The old robots can only do perform those functions what the programmers programmed within them. They could not perform in the unstructured environments where the situations are quite different. Hence they were unable to cope in the diverse environments. Thus neural network teaches robot new skills.
The MIT researchers have developed a new technique. The technique allows the latest robots to learn a new technique through handful of human demonstrations. It becomes able through machine learning methods. Hence the robot picks up the objects which are new to them and then places them at arbitrarily directions.
The machine learning model uses a neural network which actually recreate the shapes of the 3D objects. Through the use of neural networks, the machine actually learns all in just few demonstrations.
The availability of robotic arm and as well as the demonstrations are the only things needed. These things can effectively enable the robots to place the never seen objects such as mugs and bottles on their right place.
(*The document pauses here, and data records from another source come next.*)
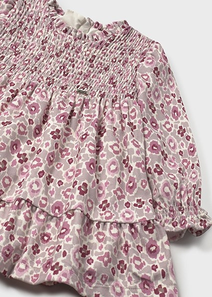 Un vestido encantador y elegante para las más pequeñas. Confeccionado en suave terciopelo estampado floral , destaca por su diseño con pechera nido de abeja elástica, que se adapta cómodamente al cuerpo, y falda de vuelo con caída ligera.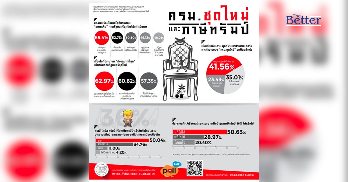 ทั้งนี้เมื่อเทียบกับ ครม.ชุดที่ผ่านมาคิดว่าการทำงานของ ครม.ชุดใหม่อาจจะแย่กว่า ร้อยละ 41.56 ด้านความเห็นเกี่ยวกับกรณีโดนัล ทรัมป์ เรียกเก็บภาษีนำเข้าสินค้าไทย 36% คาดว่าจะกระทบเศรษฐกิจไทยอย่างมาก ร้อยละ 50.04 สุดท้ายมองว่ารัฐบาลไทยไม่น่าจะเจรจาแก้ไขปัญหานี้ได้ ร้อยละ 50.63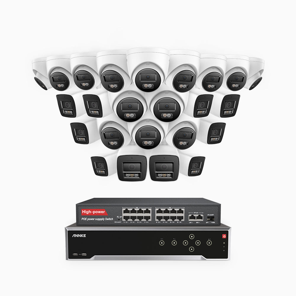 H800 - Kit de vigilancia PoE 4K con 10 cámaras bullet y 14 cámaras domo y videograbador NVR de 32 canales, Visión nocturna a color e infrarrojos, detección de humanos y vehículos, micrófono integrado, ángulo de visión 96º
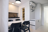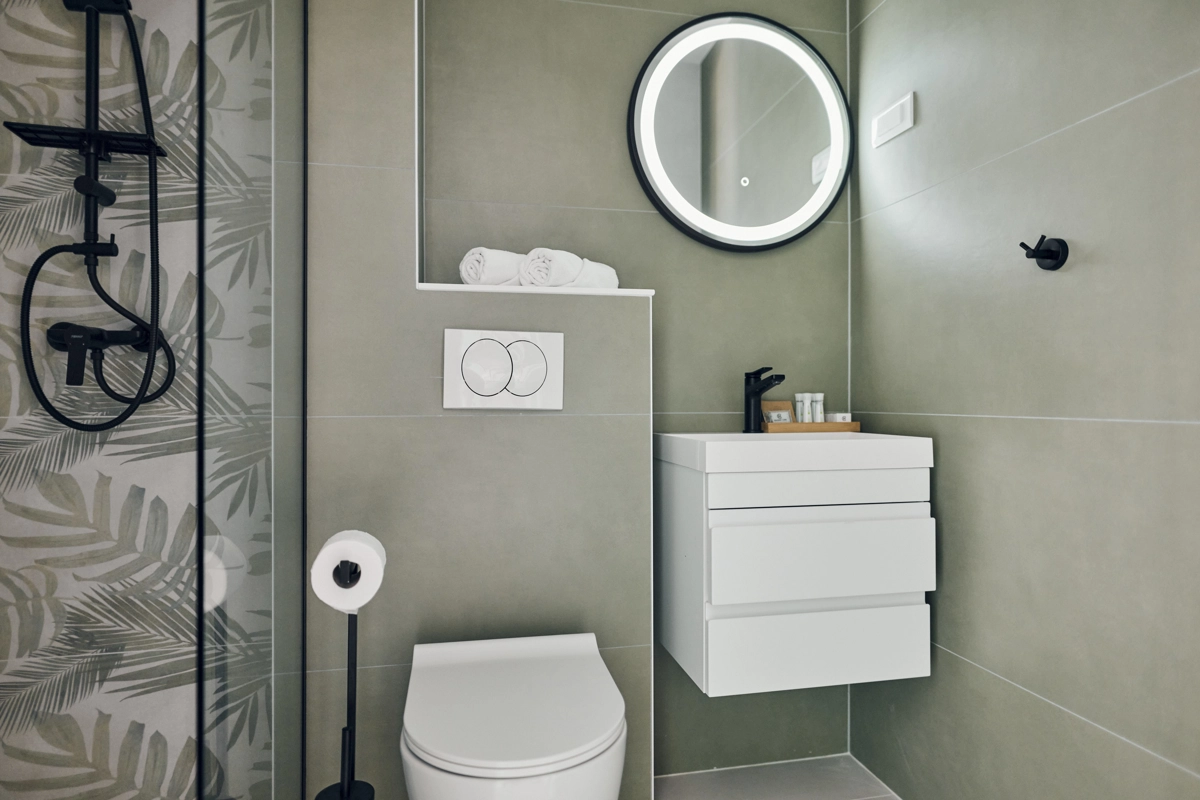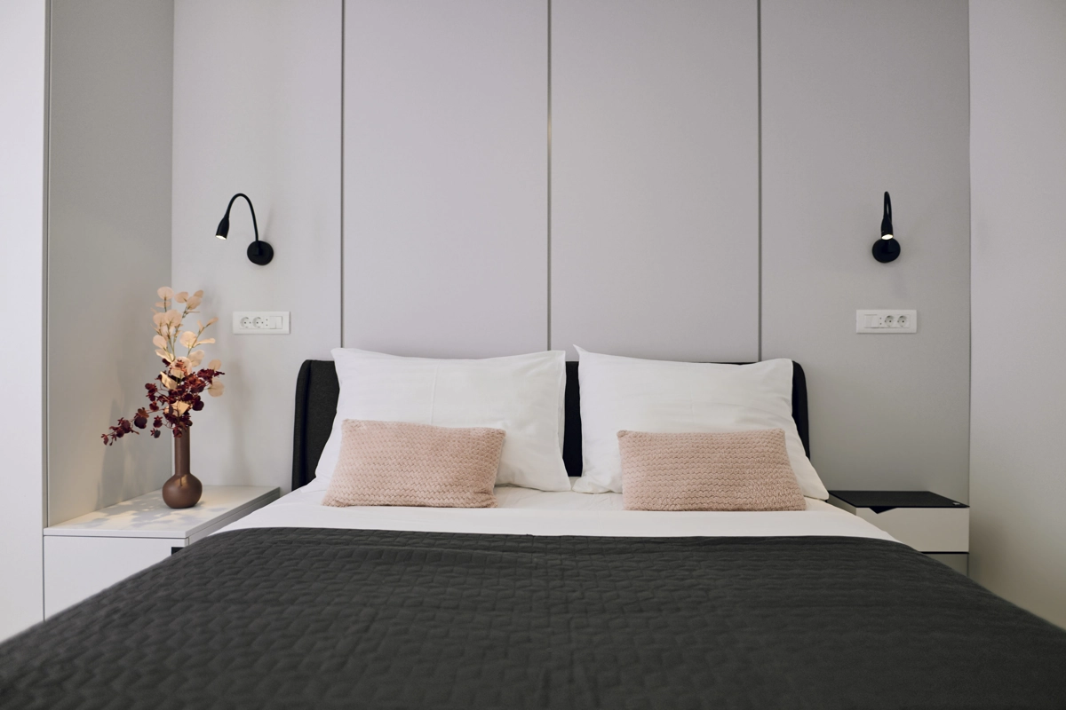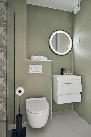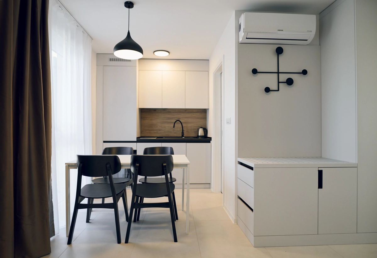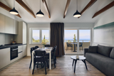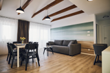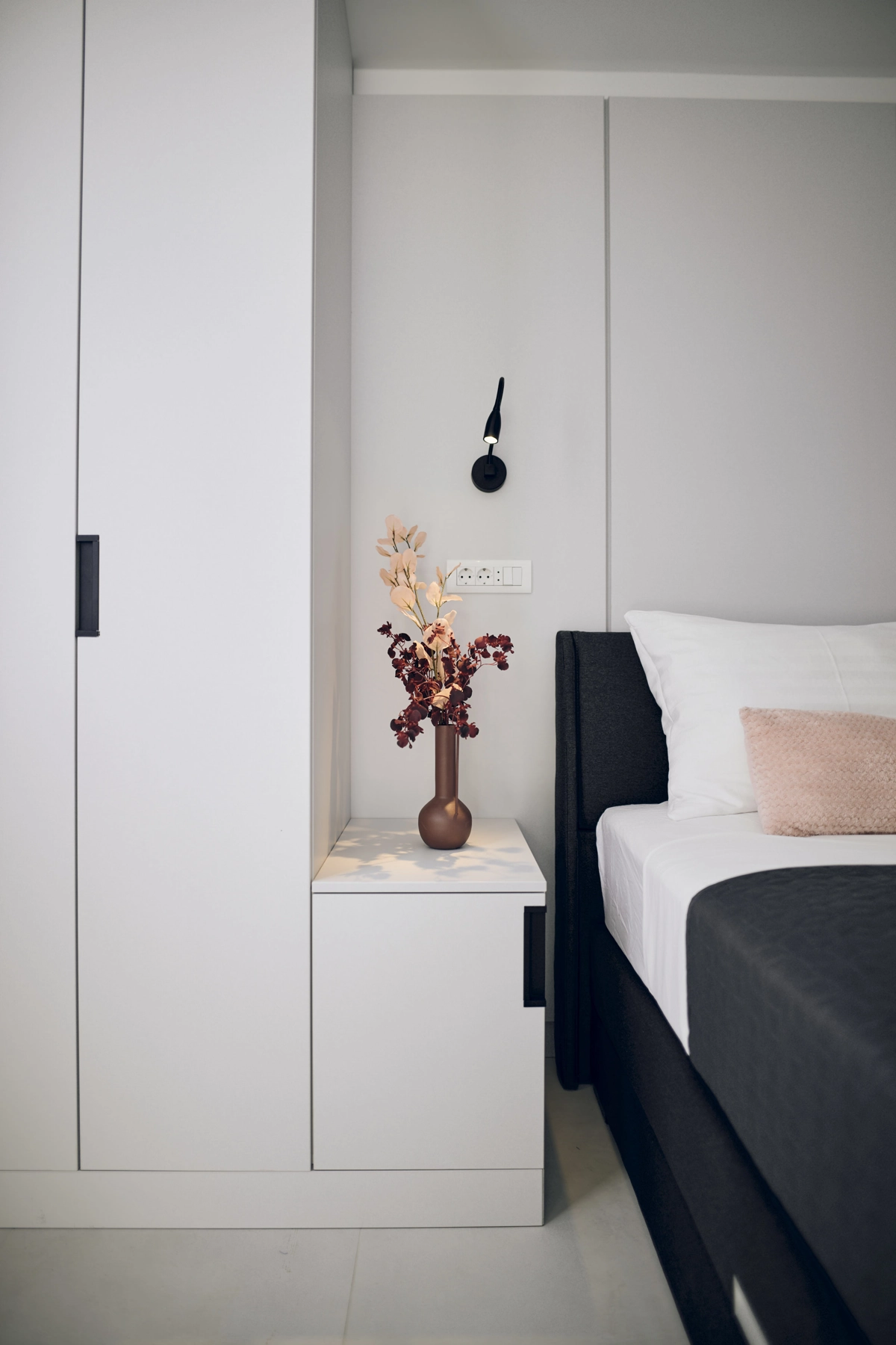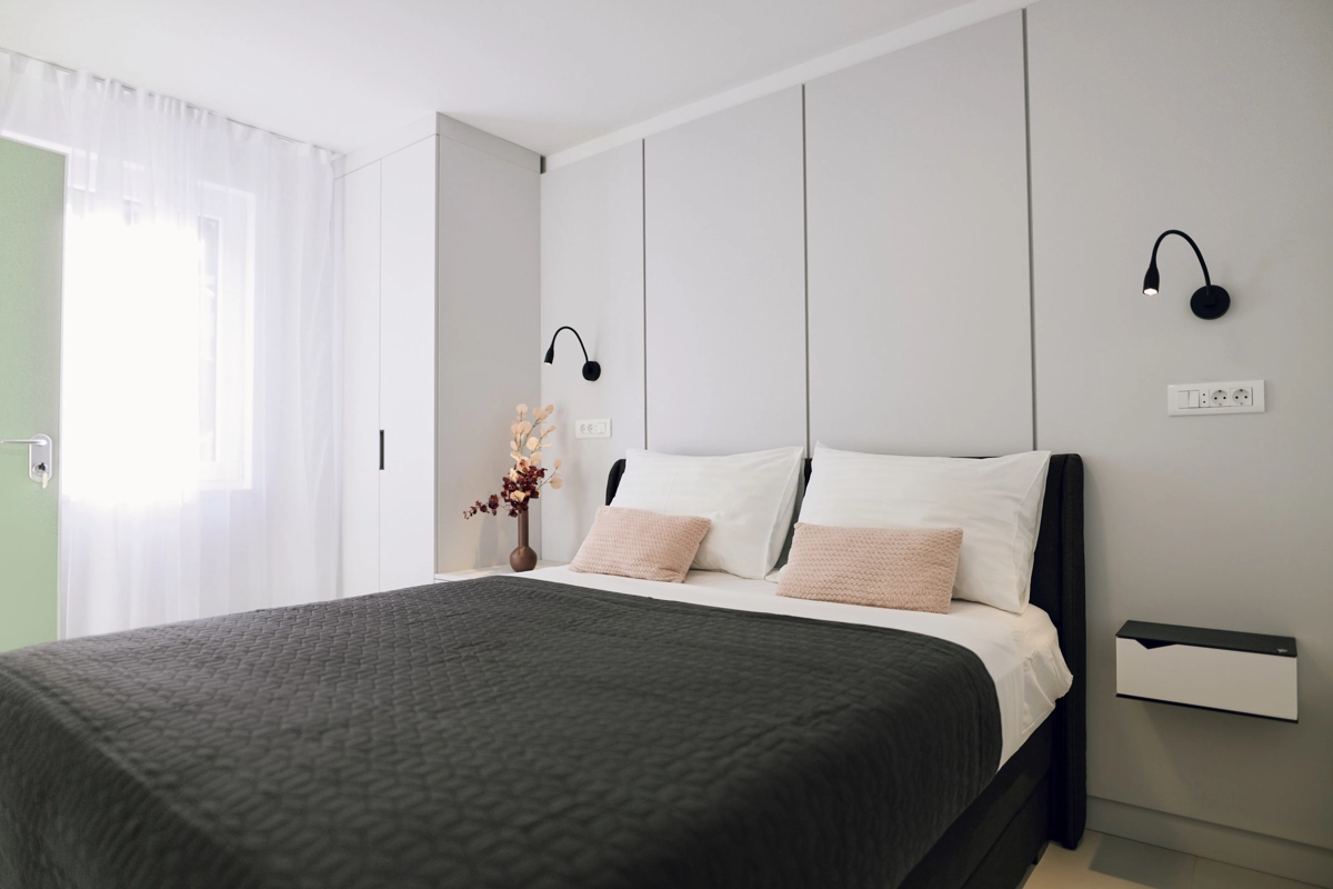 They are characterized by soft pastel colors, modern furniture, plenty of daylight and a spacious balcony or terrace with a view of the pine forest or the mountains. Each apartment is air-conditioned and consists of one or more bedrooms, a bathroom with a shower cabin and a washing machine, a living room with a comfortable couch for an additional 2 people, a dining room and a functional kitchen equipped with a refrigerator. with freezer, dishwasher, oven, electric stove, kettle and basic cooking utensils.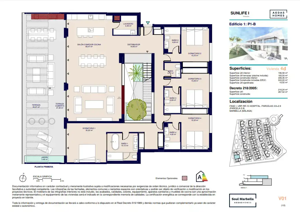 Zaledwie 5 minut od centrum Marbelli, inwestycja zajmuje podwyższone położenie, które gwarantuje zapierające dech w piersiach widoki na Morze Śródziemne. Apartamenty zwrócone na południowy zachód pozwalają cieszyć się optymalnym nasłonecznieniem przez cały dzień.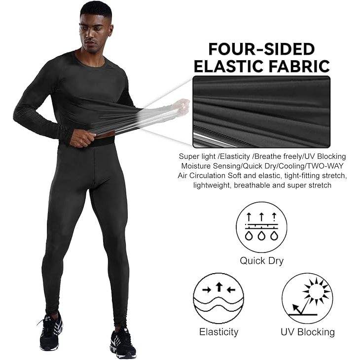 EBI Ensemble de vêtements d'extérieur d'entraînement de compression noirs pour hommes Vêtements d'extérieur pour hommes de qualité supérieure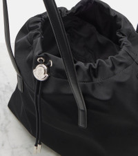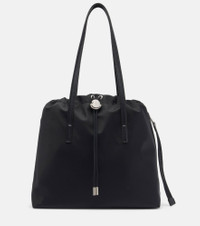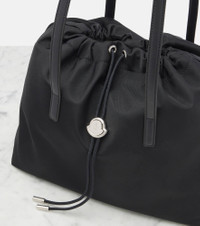 Designed for life on the move, the New Trick tote bag from Moncler is a spacious carryall made in Italy from water-repellent fabric. The design includes a drawstring closure to keep your belongings secure from the elements. Product Details - Material: nylon, polyester - Lining: nylon - Made in Italy - Designer color name: Black - Item color: black - Details: leather - Hardware color: silver - Top handles - Internal details: internal slot pocket, single compartment - Closure: drawstring top - Item number: P01102469 Size & Fit - Height 30cm-12" - Width 32,5cm-13" - Depth 15cm-6" - Length of handles 70cm-27.5"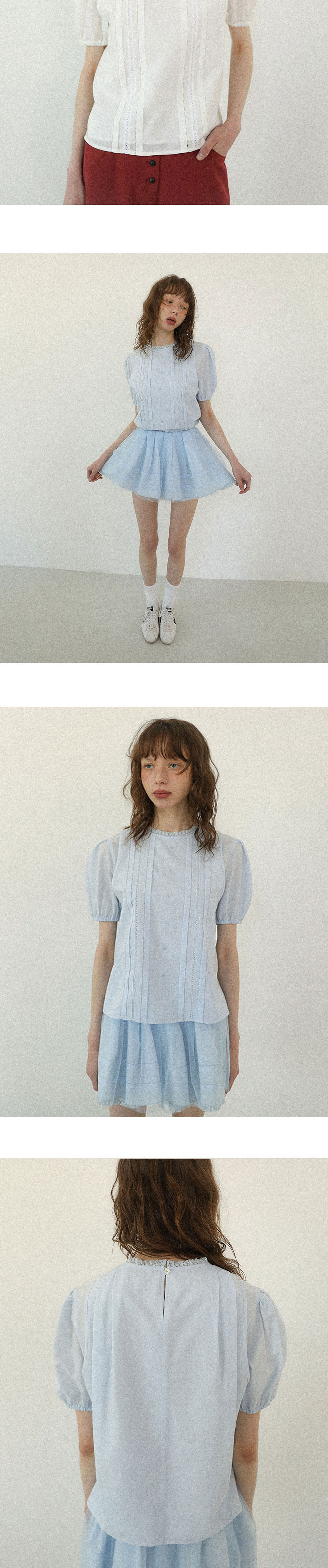 - 이중으로 봉제된 퍼프 슬리브 레이스 블라우스 - 코튼 혼방 소재를 사용하여 부드러운 터치감 - 볼륨감 있는 퍼프 슬리브와 네크라인 레이스 디테일 - 전면부 자수 포인트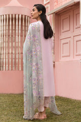 Expertly crafted with lawn fabric, this 3-piece suit features a delicate chikankari embroidered front and sleeve, complimented by a dyed back. The cambric dyed trouser, accompanied by a 60" schiffli patti, provides a comfortable and stylish fit. Complete the look with the chiffon printed and embroidered dupatta.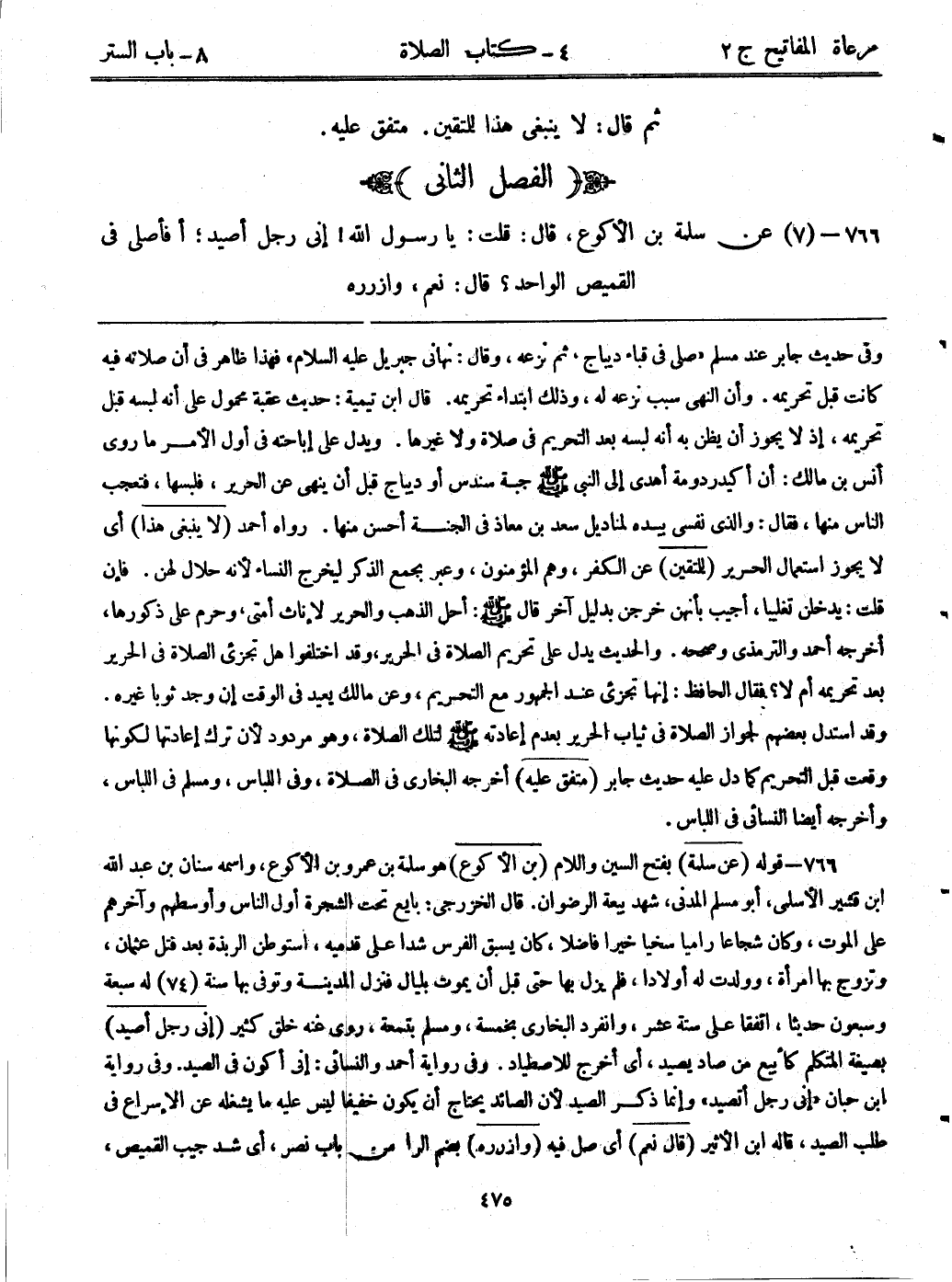 766- (7) عن سلمة بن الأكوع، قال قلت: ((يارسول الله! إني رجل أصيد؛ أفأصلي في القميص الواحد؟ قال: نعم، وازرره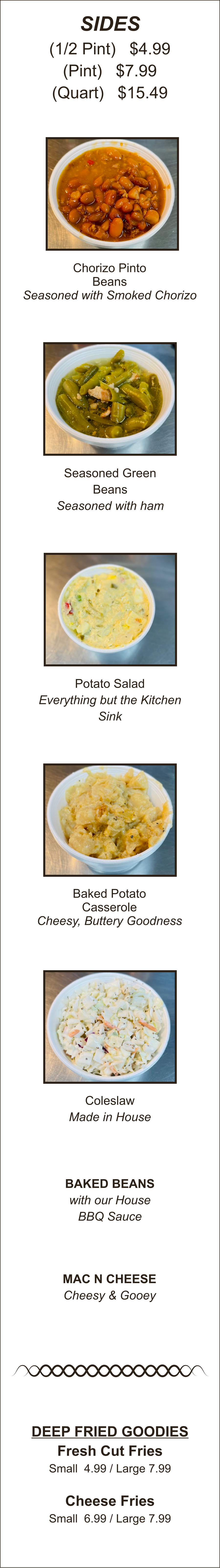 On all Family Packs, you can choose more than one type of meat as well as sides. (No Ribs) (Plates &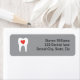 Gray dentist return address label featuring a white tooth silhouette with a red heart symbolizing caring for your teeth. Customizable text. Great for dentists or dental clinics and anyone working with teeth like orthodontists, dental hygienists and assistants. For custom requests please use the store contact link above.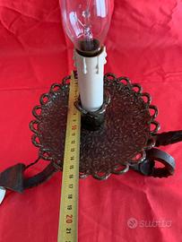 Vendo splendida lampada da tavolo vintage, un vero pezzo d'artigianato in ferro battuto, realizzata completamente a mano. Questa lampada non è solo una fonte di luce, ma anche un elemento d'arredo che aggiungerà un tocco di eleganza rustica e carattere a qualsiasi ambiente.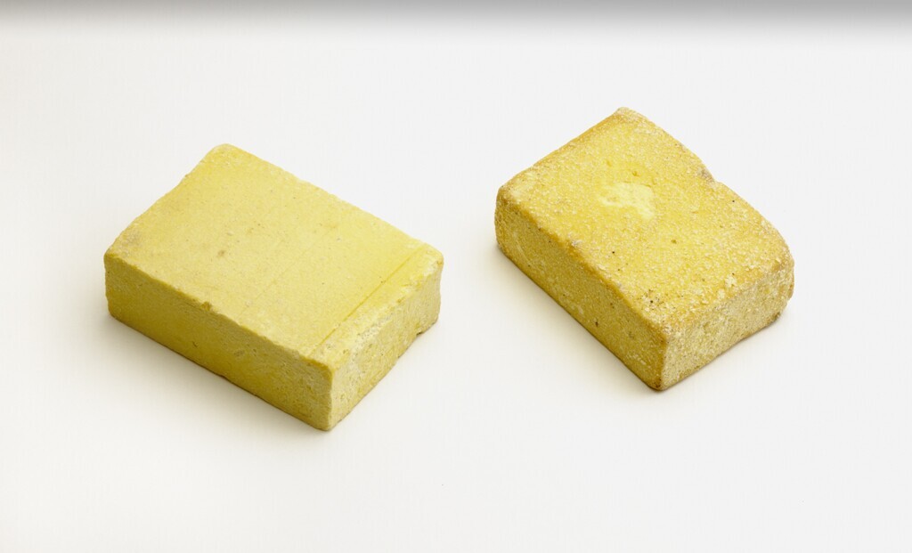 Twee stukjes surrogaatzeep: luchtzeep, gemaakt van een geel en heel licht materiaal.

According to the researchers, teaching a robot have never been so easy. Their main contribution can effectively teaches the robot the new skill so that they can operate easily in an unstructured environment.
How Neural Network works
Without the use of neural networks, a robot can only be trained to perform only a specific item. For example, the robot can pick up the item from the left side only. If anyone places item on the other side then the robot sees it from a completely different scenario.
To overcome this issue, the researchers have developed a Neural Descriptor Field (NDF). NDF actually learns the 3D geometry of the items. NDF calculates the geometrical representation of a specific item by using a 3D point cloud. It coordinates in three dimensions. The NDF possesses the property known as equivariance. the robot is able to see the same object from any of its side. NDF is also also able to reconstruct the shapes of the same objects. The researchers can enable a robot to perform the task by simply pointing out its arm towards the object they want the robot to pick up.
The researchers have found the success rate of 85 percent. Success is entirely dependent on picking up a new object and then places it on its right direction. However, 2D image information is unable to cope with the requirements of the success criteria. But NDF has performed it so well.
Hence in this way, the use of neural networks can enable the robots to operate in the unstructured environments.